Under Feist Publications, Inc., v. Rural Telephone Service Co. ... it gets tricky.
From Wikipedia:
> The ruling of the court was written by Justice Sandra Day O'Connor. It examined the purpose of copyright and explained the standard of copyrightability as based on originality.
> The case centered on two well-established principles in United States copyright law: that facts are not copyrightable, and that compilations of facts can be.

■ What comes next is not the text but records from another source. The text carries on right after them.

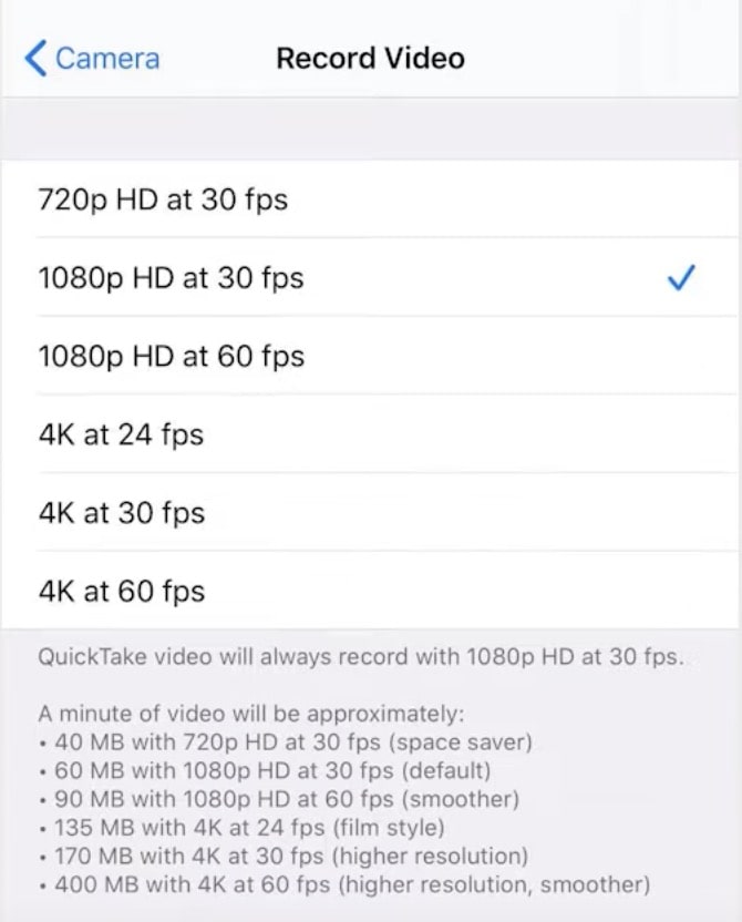 Go to “Settings” > “Camera” > “Record Video”. Then, you can choose the video resolution from 720p HD at 30 fps to 4K at 60 fps. The higher the resolution, the more megabytes are generated when recording the video. So, don't ever set the resolution to 4K. 1080p HD at 30 fps is sufficient.
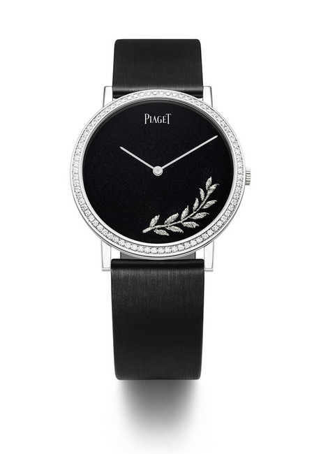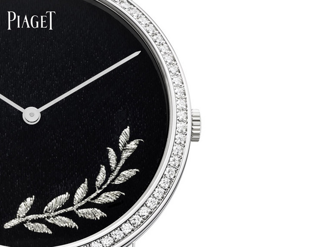 ▲ Altiplano手錶的月桂枝圖案採用直花莖針步(straight stem stitches),而月桂葉則以密繡針步(satin stitching)刺繡而成
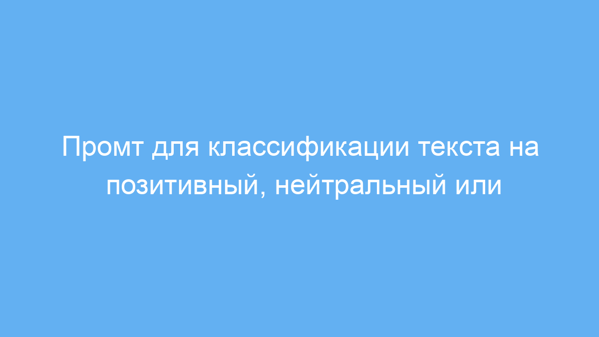 Проблема, которую решает промт, — автоматическое определение настроения текста. Это помогает быстро анализировать большие объёмы информации и принимать решения на основе эмоций аудитории. Например, понять, положительный ли отзыв у клиента или негативный.
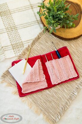 This easy crochet hook case with zipper and pockets is made without sewing at all. It includes a plastic canvas and a small piece of fabric for stability. Video Tutorial is provided also.
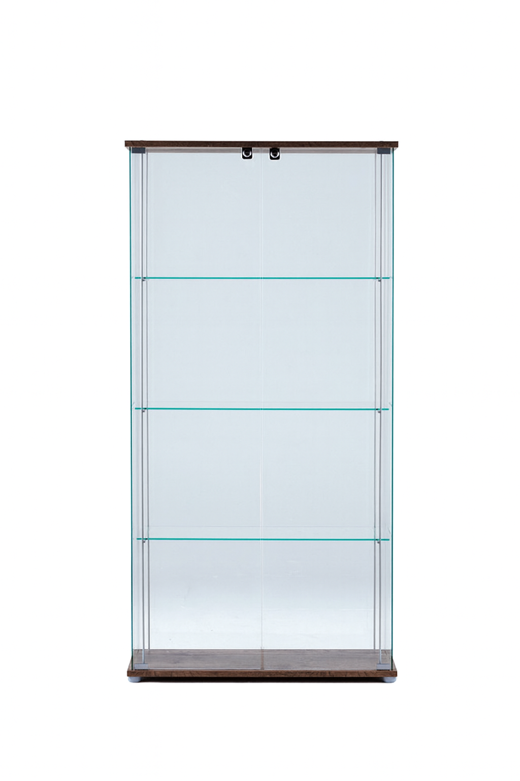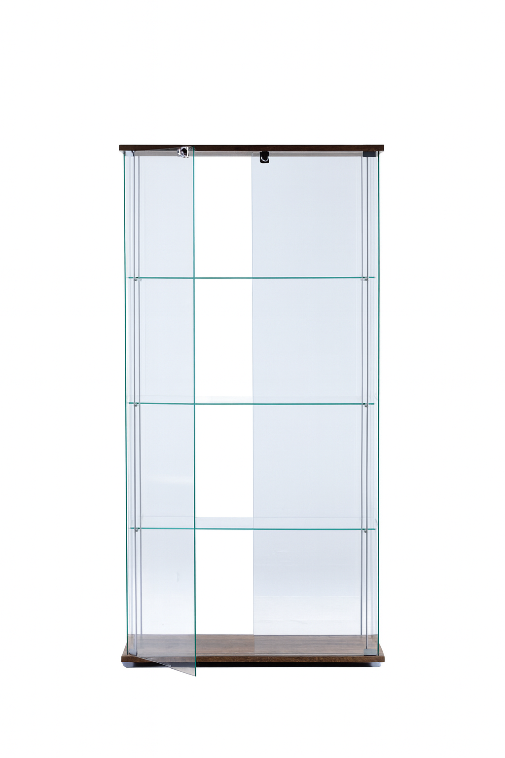 Witryna wyposażona jest w 3 półki wykonane z hartowanego szkła, które cechuje się wysoką odpornością na uszkodzenia oraz dużą nośnością. Idealnie nadaje się do prezentowania szklanych naczyń, kolekcjonerskich figurek, książek czy roślin. Szklane półki podkreślają nowoczesny charakter mebla i gwarantują bezpieczeństwo przechowywanych przedmiotów.

> "There is an undeniable tension between these two propositions", O'Connor wrote in her opinion. "Many compilations consist of nothing but raw data—i.e. wholly factual information not accompanied by any original expression. On what basis may one claim a copyright upon such work? Common sense tells us that 100 uncopyrightable facts do not magically change their status when gathered together in one place. … The key to resolving the tension lies in understanding why facts are not copyrightable: The ″Sine qua non of copyright is originality."
> ...
> The standard for creativity is extremely low. It need not be novel; it need only possess a "spark" or "minimal degree" of creativity to be protected by copyright.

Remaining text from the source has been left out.